On Mon, Sep 22, 2008 at 10:26 AM, Sylvain Joyeux <sylvain.joyeux@polytechnique.org> wrote:

Nope. each { } needs one new scope for each iteration while "for ... in"
explicitely uses the parent scope... In the end, you create with #each
as many objects as there are in your collection - which can be a huge
performance hit in some cases.

Brian_Candler · 22 September 2008 10:42

Sylvain Joyeux wrote:

Nope. each { } needs one new scope for each iteration

By 'scope' do you mean 'stack frame'?

Take this trivial example:

  def each1
    yield 1
    yield 2
    yield 3
  end
  each1 { :dummy }

The only 'objects' being created here are stack frames, by the yield
statements calling the block.
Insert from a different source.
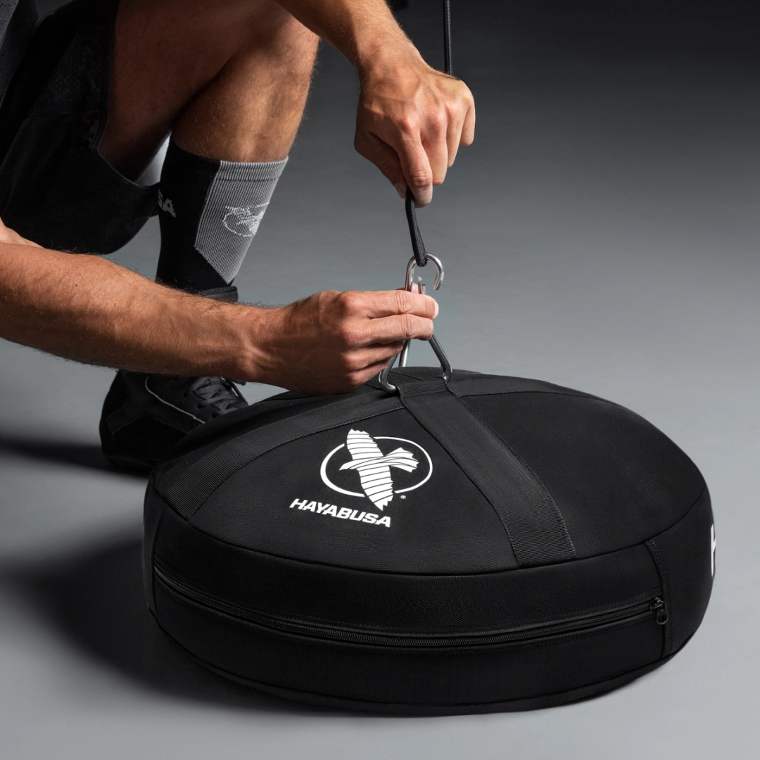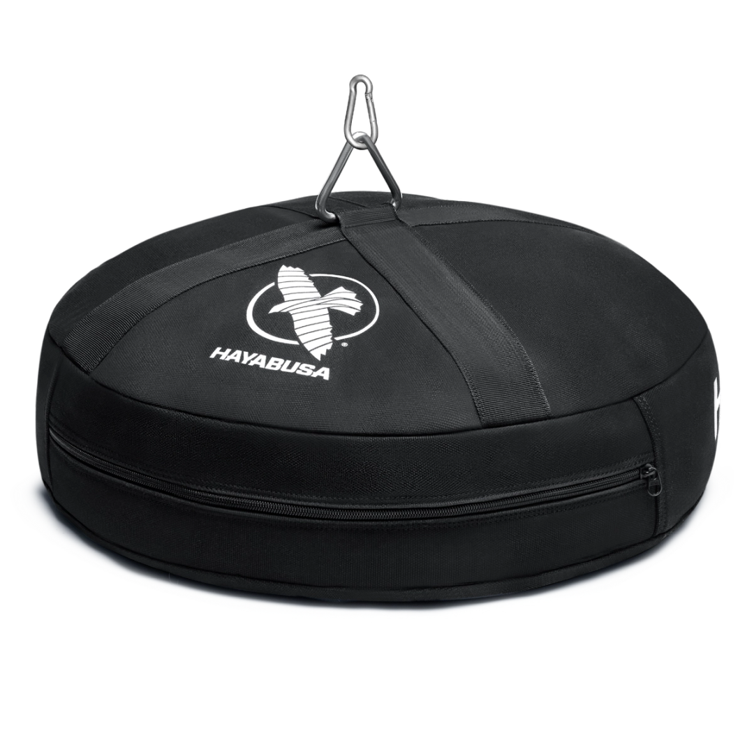 Anchor your training bag in minutes. The Hayabusa Double End Heavy Bag Anchor fastens to any punching bag to provide maximum stabilization; you only need water or sand. Its large bladder holds up to 900 oz or ~55 lbs of water, the perfect weight to anchor a double end bag or prevent your heavy bag from swaying. Constructed from heavy-duty canvas fabric, with reinforced nylon webbing and a sturdy triangular D-ring on top to distribute tension effectively.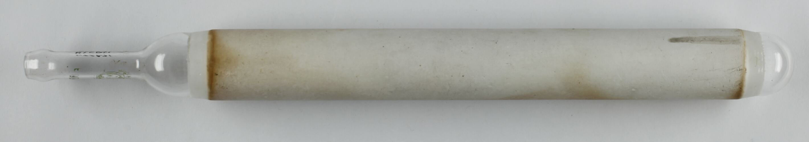 Glass tube with while coating top to bottom. Clear glass bulb at one end, narrowing to an open tube at the other.

To make it more explicit,

  def each2(&blk)
    blk.call(1)
    blk.call(2)
    blk.call(3)
  end
  each2 { :dummy }

Now, if you are arguing that the above code creates three objects which
need to be garbage-collected later, then you're also arguing that the
sequence

   foo(1)
   foo(2)
   foo(3)

creates three objects which need to be garbage-collected, and therefore
that the loop

  for i in (1..3)
    foo(i)
  end

also creates three garbage objects.

I don't believe that's the case. I would imagine that the stack runs as,
well, a stack. (It's not quite that simple when you get into creating
closures of course, but if you call a closure 1000 times, you're not
creating 1000 new closures)

Am I missing something?

Finally, I tried some simple measurements.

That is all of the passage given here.